### Task instructions
Word for word, restate the lines from the one containing "Buscar la factura" through the last line of the material, and include no pictures.

### Information provided
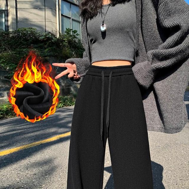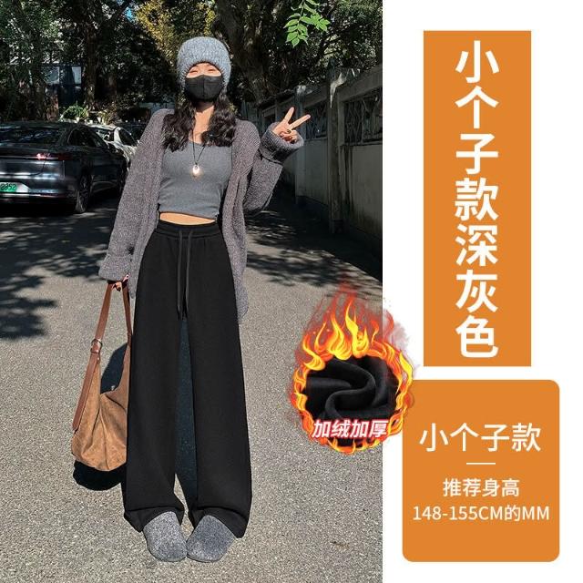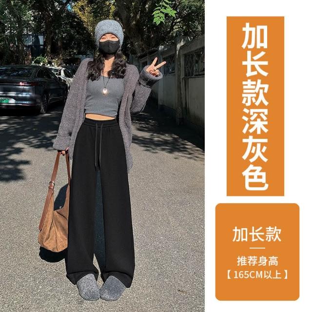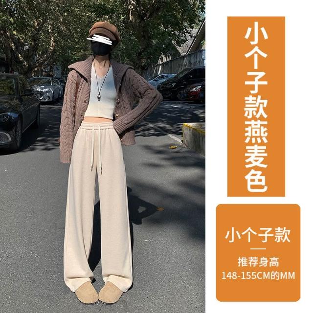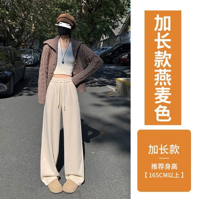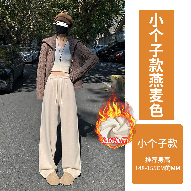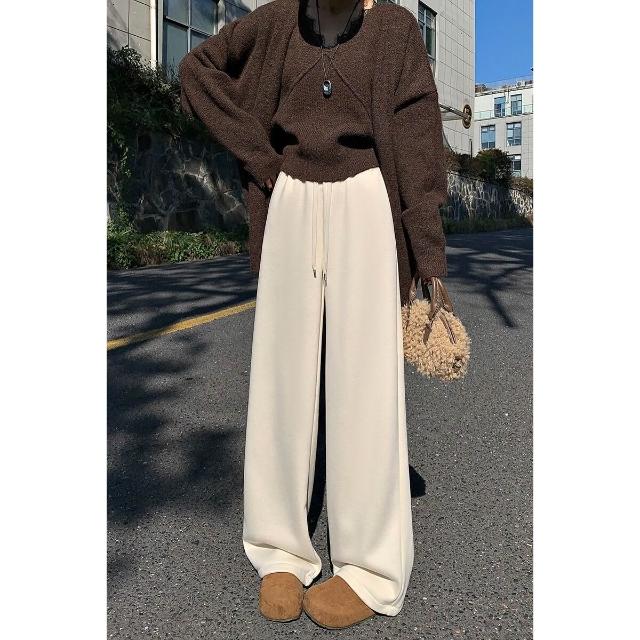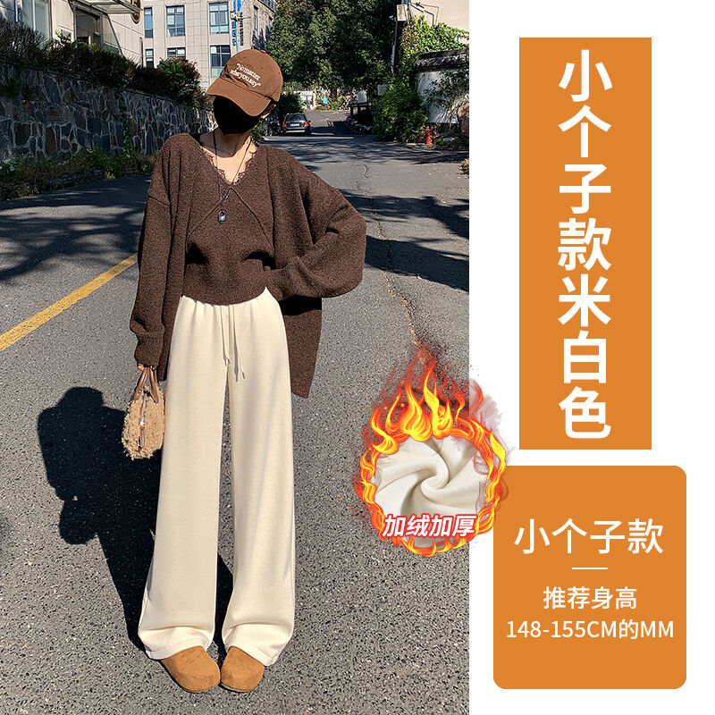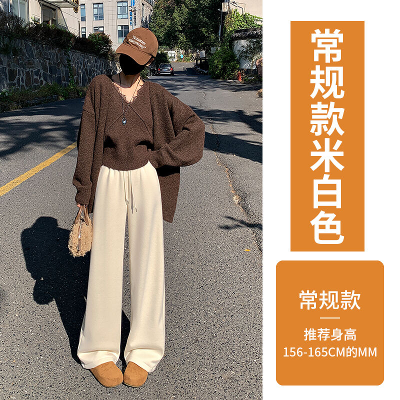 米白色醋酸羊毛闊腿褲女秋冬加絨加厚高腰顯瘦垂感窄版直筒西裝褲
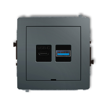 Mechanizm ładowarki USB podwójnej USB C + USB A, 20W max., bez pola opisowego Karlik seria ICON 11ICUSBBO-8 kolor grafitowy
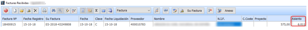 Buscar la factura y modificar, «proveedor, importes, etc.”, si la modificación afecta a los importes de las contrapartidas, se deberá entrar en cada una de las líneas.
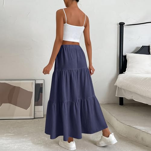 HOT ! Maxi Skirts for Women Trendy High Waisted Flowy Tiered Linen Skirt Casual Pleated A-Line Beach Long Skirts with Tie

### Result of the task
 Buscar la factura y modificar, «proveedor, importes, etc.”, si la modificación afecta a los importes de las contrapartidas, se deberá entrar en cada una de las líneas.
 HOT ! Maxi Skirts for Women Trendy High Waisted Flowy Tiered Linen Skirt Casual Pleated A-Line Beach Long Skirts with Tie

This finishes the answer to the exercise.